◆ Task data:
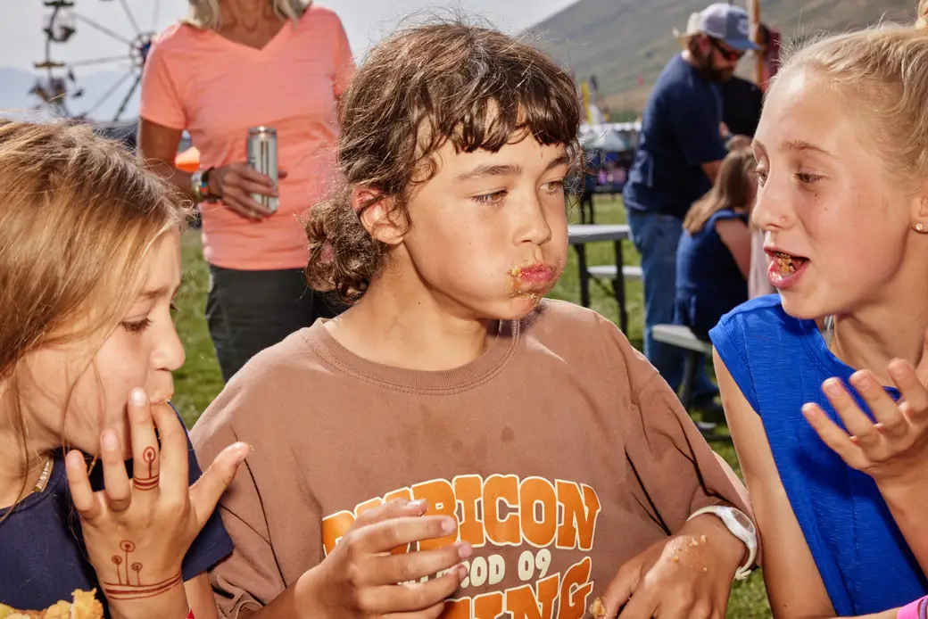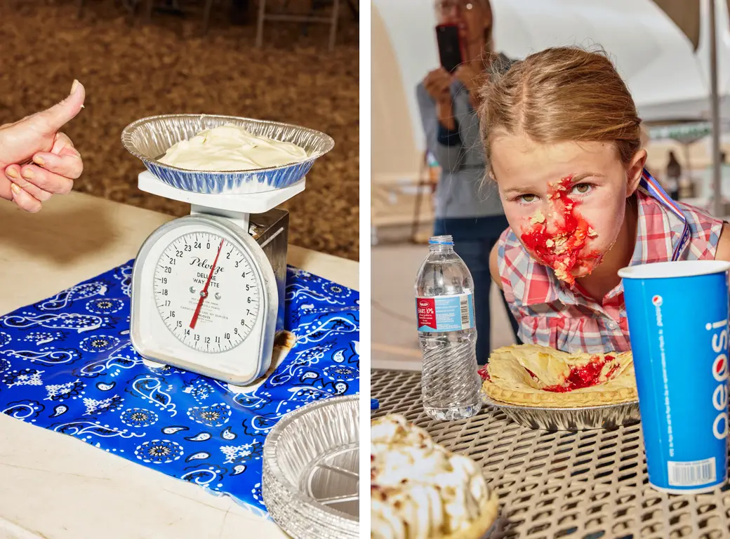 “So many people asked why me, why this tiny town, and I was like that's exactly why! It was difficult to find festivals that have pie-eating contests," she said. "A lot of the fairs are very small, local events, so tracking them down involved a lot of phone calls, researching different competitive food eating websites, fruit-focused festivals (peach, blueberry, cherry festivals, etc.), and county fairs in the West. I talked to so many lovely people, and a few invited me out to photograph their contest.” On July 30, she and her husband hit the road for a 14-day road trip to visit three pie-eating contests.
--
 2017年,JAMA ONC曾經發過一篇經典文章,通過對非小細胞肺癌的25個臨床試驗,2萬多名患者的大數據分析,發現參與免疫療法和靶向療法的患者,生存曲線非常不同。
==
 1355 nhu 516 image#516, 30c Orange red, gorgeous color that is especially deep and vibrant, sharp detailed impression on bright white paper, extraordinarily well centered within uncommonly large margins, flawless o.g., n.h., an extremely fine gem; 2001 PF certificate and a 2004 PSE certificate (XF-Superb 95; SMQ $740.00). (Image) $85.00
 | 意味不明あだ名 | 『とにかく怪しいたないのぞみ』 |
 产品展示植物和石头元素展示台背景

◆ Work item: In the listing above, transcribe exactly everything from the line containing "1355 nhu 516" down to the line containing "产品展示植物和石头元素展示台背景", including both and nothing more.

◆ Answer space:
 1355 nhu 516 image#516, 30c Orange red, gorgeous color that is especially deep and vibrant, sharp detailed impression on bright white paper, extraordinarily well centered within uncommonly large margins, flawless o.g., n.h., an extremely fine gem; 2001 PF certificate and a 2004 PSE certificate (XF-Superb 95; SMQ $740.00). (Image) $85.00
 | 意味不明あだ名 | 『とにかく怪しいたないのぞみ』 |
 产品展示植物和石头元素展示台背景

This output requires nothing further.